Here, \(W^{\nu} \in \mathbb{R}^{s \times d_o}\) and \(X \in \mathbb{R}^{n \times s}\), which gives \(V = XW^{\nu} \in \mathbb{R}^{n \times d_o}\). \(d_o\) there is selectable parameter - as will become obvious in the following steps it regulates the dimensionality of the output embeddings.

Finally:

\[softmax(\frac{QK^T}{\sqrt{d}})V \in \mathbb{R}^{n \times d_0}\]

represents the elements of the sequence that have been transformed by self-attention and stacked vertically.

Multihead attention

Multihead attention involves applying several attention transformations to the same sequence and then combining the results. This approach helps capture different contextual relationships.

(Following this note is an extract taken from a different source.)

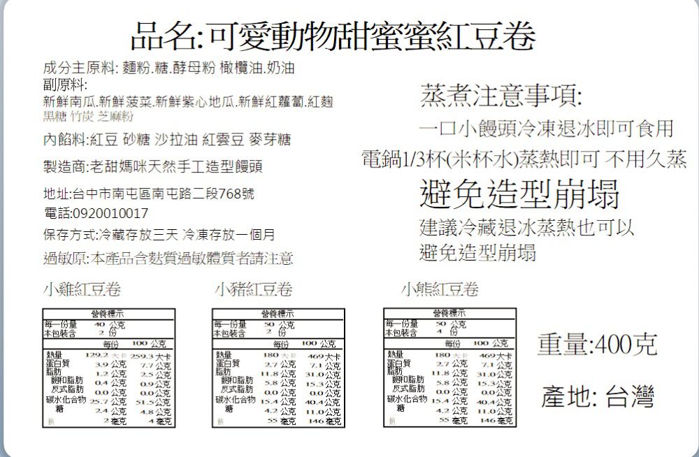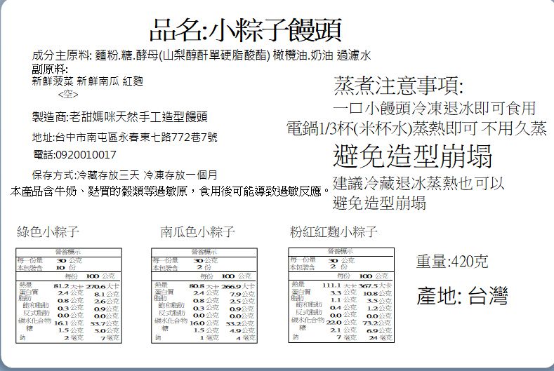注意事項:一小口饅頭退冰後即可食用,全系列饅頭半杯水蒸熱即可,避免久蒸造成造型塌陷。

More specifically: we create \(d_h\) attention transformations:

\[Q^{(i)}, K^{(i)}, V^{(i)}, i = \overline{1, d_{h}}.\]

For each a transformed sequence called “head” is produced:

\[H^{(i)}=softmax\left(\frac{Q^{(i)}\left[K^{(i)}\right]^T}{\sqrt{d}}\right) \in \mathbb{R}^{n \times d}\]

These results are concatenated horizontally and transformed by the learnable matrix \(W_0 \in \mathbb{R}^{dd_h \times d_0}\). \(d_o\) here is the dimentionality of the output embedding.

\[H = \left(H_1, H_2, \ldots, H_{d_h}\right) \in \mathbb{R^{n \times dd_h}}\]

The result of the transformation will be as follows:

\[HW_0 \in \mathbb{R}^{n \times d_o}\]